------ Information shown ------
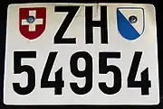 Vehicle license plates of Switzerland, are composed of a two-letter code for the canton and a number with up to 6 digits. The rear plates also display two shields with the flags of Switzerland and the respective canton. Since 1972, the sizes of the plates have been 300 x 80 mm (front) and 300 x 160 mm (rear). In 1987, the optional long format rear plates of 500 x 110 mm, which had been abolished in 1972, were reintroduced.[1]
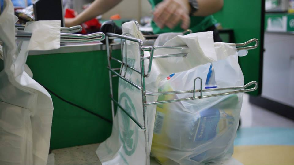 結帳的時候發現,塑膠袋有桿子撐開耶!!
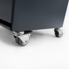 Sendzimir galvanisert stålplate | Pulverlakkering | Svarte lavasteiner | 4 svingbare hjul, 2 med brems | Herdet glass (sikkerhetsglass) | Piezo tenning
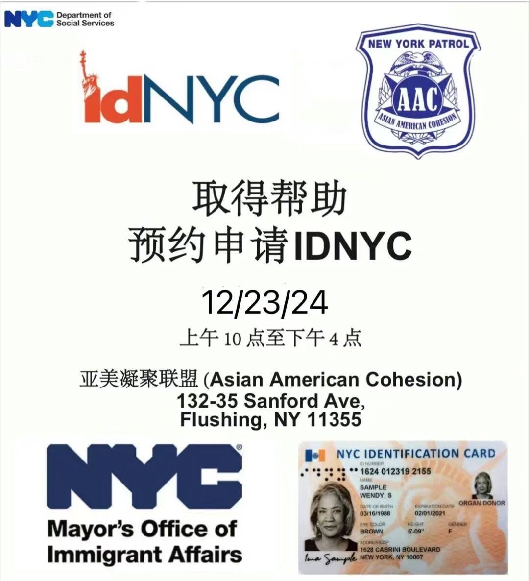 好消息!亚裔凝聚联盟 (AAC) 和纽约市长移民事物办公室(MOIA)合作,将在法拉盛帮助移民预约申请纽约市民卡,时间:12月23日,周一,上午10点至下午4点,地点:132-35 Sanford Ave (AAC 办公室,一楼), Flushing, NY 11355. 纽约市民卡的福利包括:在 NYC Housing Connect 上申请廉租房,35个博物馆,动物园,免会员费一年,YMCA 会员费15%折扣,申请健康保险等等。申请时所需的材料:1. 美国或中国护照,驾照,绿卡,联邦移民局释放纸(I-797), 2. 60 天之内的:银行月结单,或水,或电,或煤气,或信用卡,或因特网账单,或房租合同。预约后,申请人须前往就近的纽约市民卡中心提交文件和照相(旧卡更新则无需前往), 欢迎新老移民前来办理😎😎
------
What is needed
Output the data above in full and exactly, with every image left out.

Answer to this problem
 Vehicle license plates of Switzerland, are composed of a two-letter code for the canton and a number with up to 6 digits. The rear plates also display two shields with the flags of Switzerland and the respective canton. Since 1972, the sizes of the plates have been 300 x 80 mm (front) and 300 x 160 mm (rear). In 1987, the optional long format rear plates of 500 x 110 mm, which had been abolished in 1972, were reintroduced.[1]
 結帳的時候發現,塑膠袋有桿子撐開耶!!
 Sendzimir galvanisert stålplate | Pulverlakkering | Svarte lavasteiner | 4 svingbare hjul, 2 med brems | Herdet glass (sikkerhetsglass) | Piezo tenning
 好消息!亚裔凝聚联盟 (AAC) 和纽约市长移民事物办公室(MOIA)合作,将在法拉盛帮助移民预约申请纽约市民卡,时间:12月23日,周一,上午10点至下午4点,地点:132-35 Sanford Ave (AAC 办公室,一楼), Flushing, NY 11355. 纽约市民卡的福利包括:在 NYC Housing Connect 上申请廉租房,35个博物馆,动物园,免会员费一年,YMCA 会员费15%折扣,申请健康保险等等。申请时所需的材料:1. 美国或中国护照,驾照,绿卡,联邦移民局释放纸(I-797), 2. 60 天之内的:银行月结单,或水,或电,或煤气,或信用卡,或因特网账单,或房租合同。预约后,申请人须前往就近的纽约市民卡中心提交文件和照相(旧卡更新则无需前往), 欢迎新老移民前来办理😎😎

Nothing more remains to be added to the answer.